* EXERCISE
Up to and including the line that holds "日前,天猫国际梅西百货官方海", copy every line of the records below exactly, starting at the first; leave pictures out.

==================================================

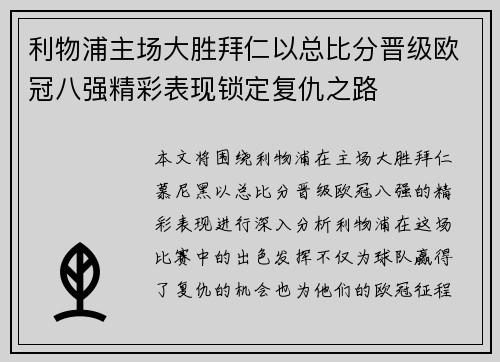 利物浦主场大胜拜仁以总比分晋级欧冠八强精彩表现锁定复仇之路
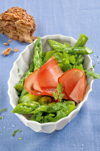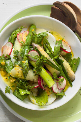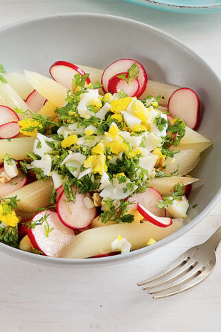 Nutze die kurze Saison und die langsam ansteigenden Temperaturen dazu Spargel als Salat zu genießen. Hier findest du unsere besten Spargelsalat-Rezepte!
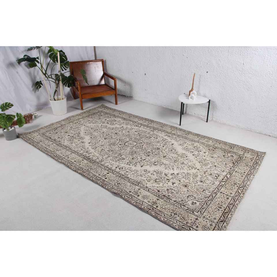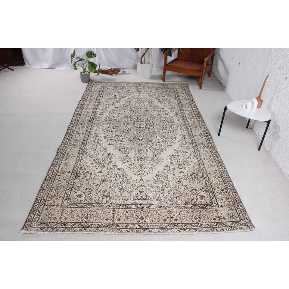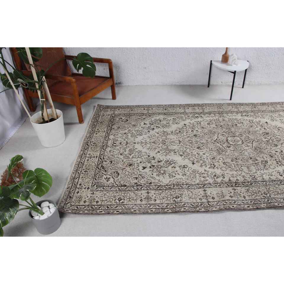 5.2x9.3 ft Rug, Turkish Vintage Rug, Brown Gray Polka dot Wool Rug
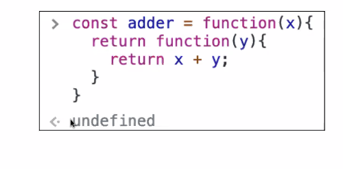 function adder(x => y => x+y ) const adder = function(x => { return function(y){ return x+y
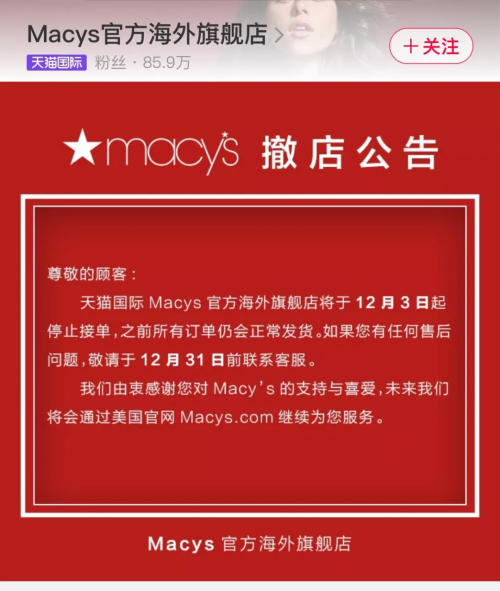 日前,天猫国际梅西百货官方海外旗舰店发布撤店公告称,12月3日起停止接单,该日之前所有订单仍会正常发货,梅西百货未来将通过美国官网继续服务。
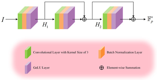 The SFM is engineered to efficiently capture shallow features from the input images, utilizing skip connections to enhance feature transmission and reduce information loss, as depicted in Figure 4. To clarify the SFM’s workflow, the following symbols are defined: represents the input images, specifically infrared, visible, and channel-concatenated images; denotes a convolution operation with a 3 × 3 kernel; BN stands for the batch normalization layer; GeLU refers to the Gaussian Error Linear Unit activation function; and represent the weight and bias parameters of the n convolutional layer, respectively; and denotes the intermediate output of the n layer. Consequently, and are defined as shown in Equation (1).
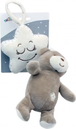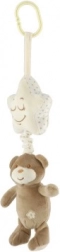 Ta urocza zawieszana zabawka łączy misia z kremową gwiazdką, w której wnętrzu ukryta jest pozytywka. Po pociągnięciu misia rozbrzmi przyjemna kołysanka, która uspokoi maluszka i ułatwi spokojne zasypianie w domu i w podróży.
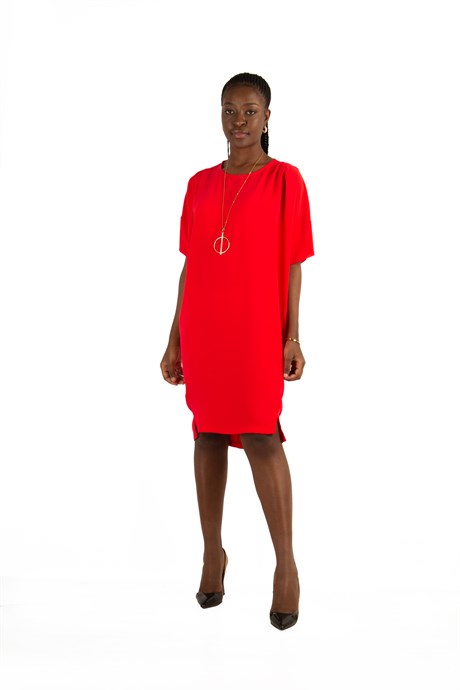 Plain Elegant Midi Short Sleeve Big Size Dress - Red
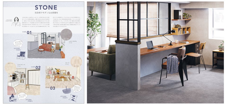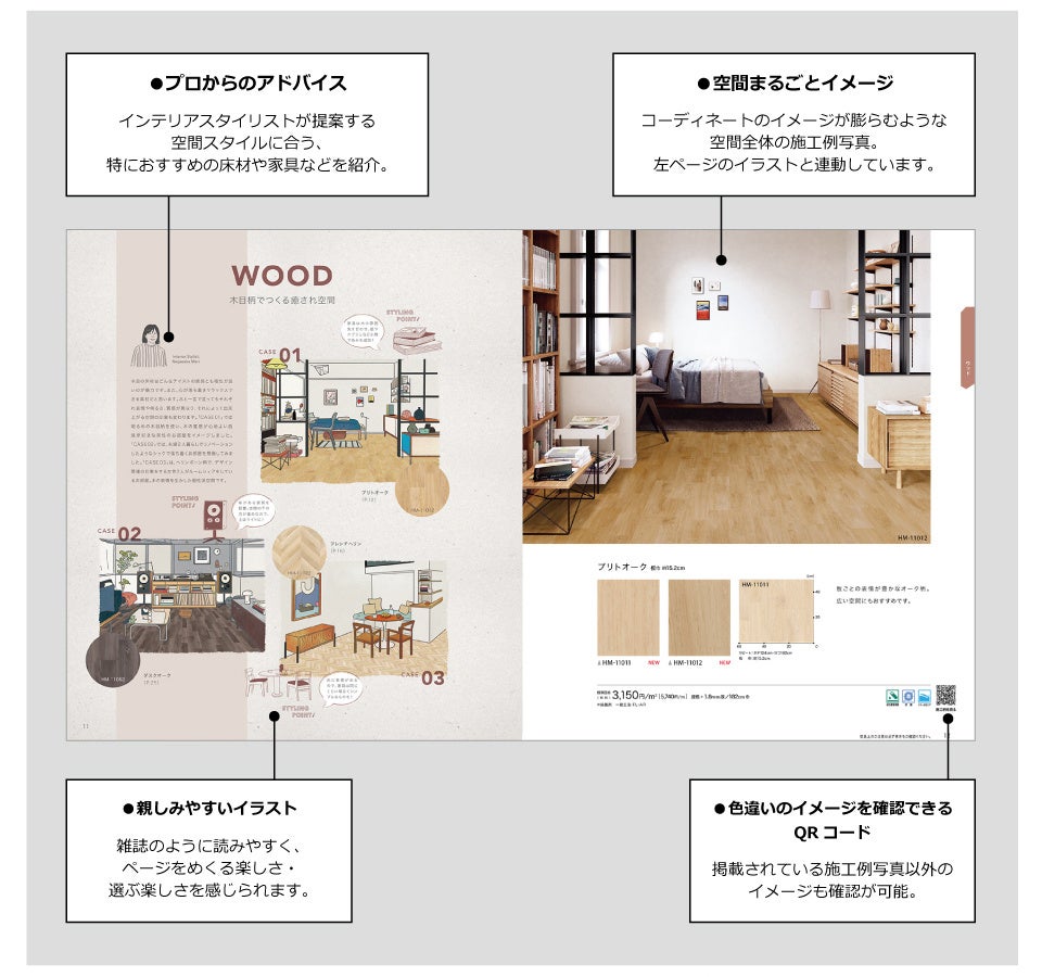 「WOOD」「STONE」「PLAIN&PATTERN」の各カテゴリ扉では、インテリアスタイリストが提案する空間スタイルにおすすめの商品だけではなく、スタイリングのポイントとなる家具や小物もイラストとともに紹介します。また、各商品の施工例写真は、従来の床にフォーカスした写真から、暮らしやコーディネートのイメージが膨らむような空間全体の写真に変更したほか、色違いを含めた全商品の施工例写真が確認できるQRコードを新たに掲載しました。
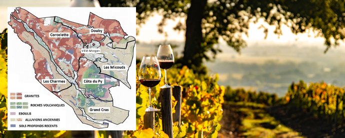 L'aire géographique d'appellation du cru MORGON est divisée en six micro-terroirs appelés « climats ». Ces climats forment six entités homogènes tant au point de vue du terrain que de l'exposition. Nous allons vous les détailler
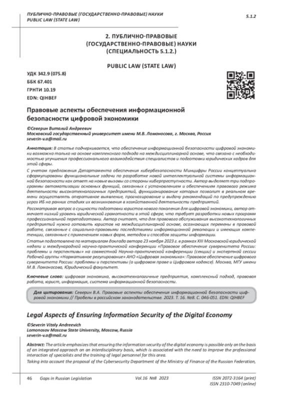 11. Северин В. А. Совершенствование деятельности юристов в цифровой экономике // Проблемы экономики и юридической практики. - 2021. - № 6. EDN: BRFNWO
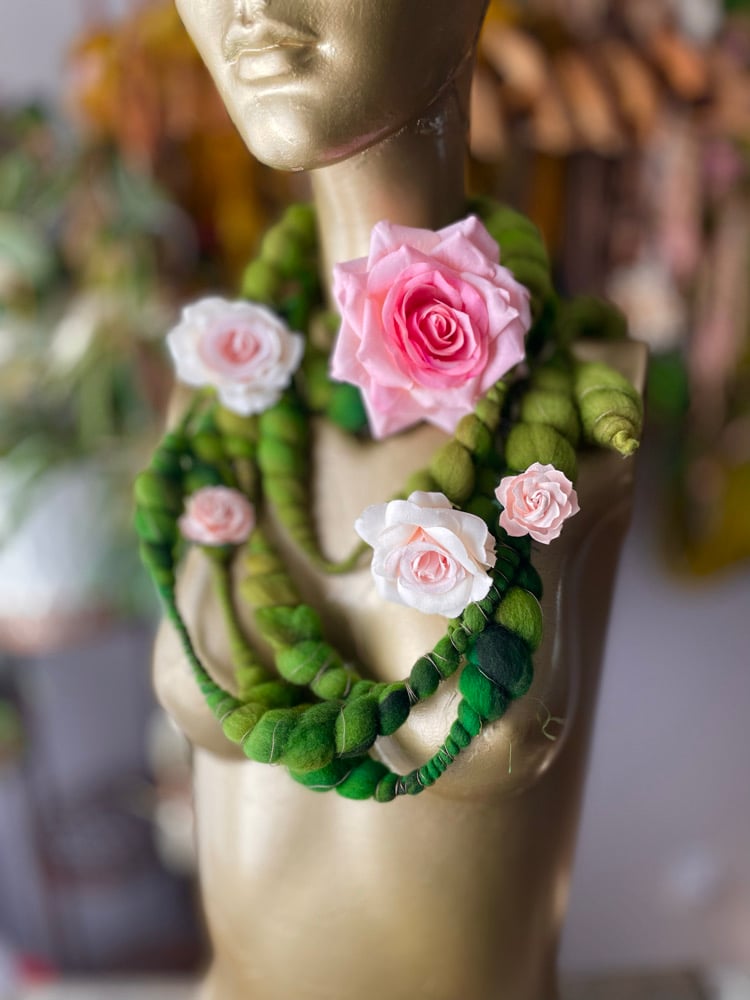 A nice bubbly hand dyed fine merino & fabric flowers.
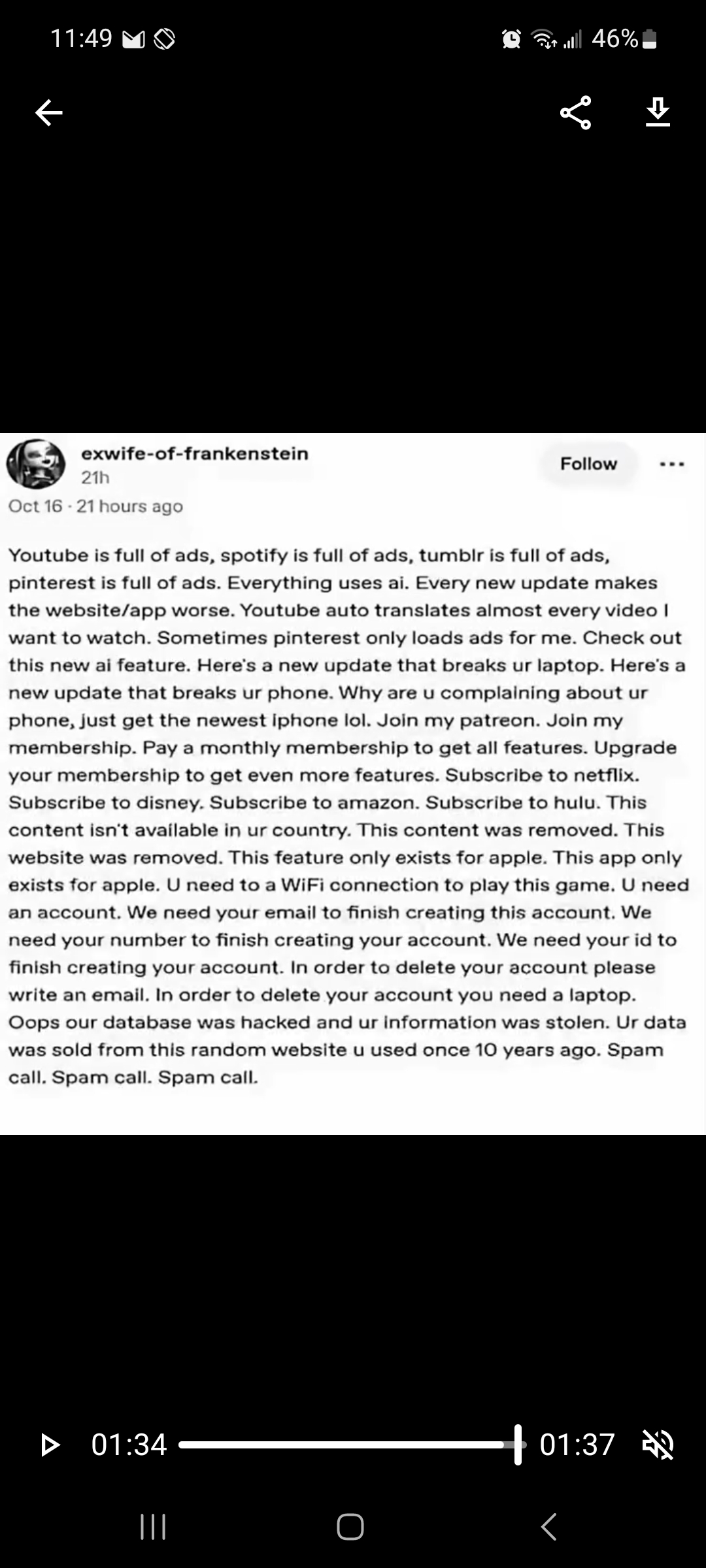 Youtube is full of ads, spotify is full of ads, tumblr is full of ads, pinterest is full of ads. Everything uses ai. Every new update makes the website/app worse. Youtube auto translates almost every video I want to watch. Sometimes pinterest only loads ads for me. Check out this new ai feature. Here’s a new update that breaks ur laptop. Here’s a new update that breaks ur phone. Why are u complaining about ur phone, Just get the newest iphone lol. Join my patreon. Joln my membership. Pay a monthly membership to get all features. Upgrade your membership to get even more features. Subscribe to netflix. Subscribe to disney. Subscribe to amazon. Subscribe to hulu. This content isn’t available in ur country. This content was removed. This website was removed. This feature only exists for apple. This app only exists for apple. U need to a WiFi connection to play this game. U need an account. We need your email to finish creating this account. We need your number to finish creating your account. We need your id to finish creating your account. In order to delete your account please write an email. In order to delete your account you need a laptop. Oops our database was hacked and ur information was stolen. Ur data was sold from this random website u used once 10 years ago. Spam call. Spam call. Spam call.

==================================================

* TASK RESPONSE
 利物浦主场大胜拜仁以总比分晋级欧冠八强精彩表现锁定复仇之路
 Nutze die kurze Saison und die langsam ansteigenden Temperaturen dazu Spargel als Salat zu genießen. Hier findest du unsere besten Spargelsalat-Rezepte!
 5.2x9.3 ft Rug, Turkish Vintage Rug, Brown Gray Polka dot Wool Rug
 function adder(x => y => x+y ) const adder = function(x => { return function(y){ return x+y
 日前,天猫国际梅西百货官方海外旗舰店发布撤店公告称,12月3日起停止接单,该日之前所有订单仍会正常发货,梅西百货未来将通过美国官网继续服务。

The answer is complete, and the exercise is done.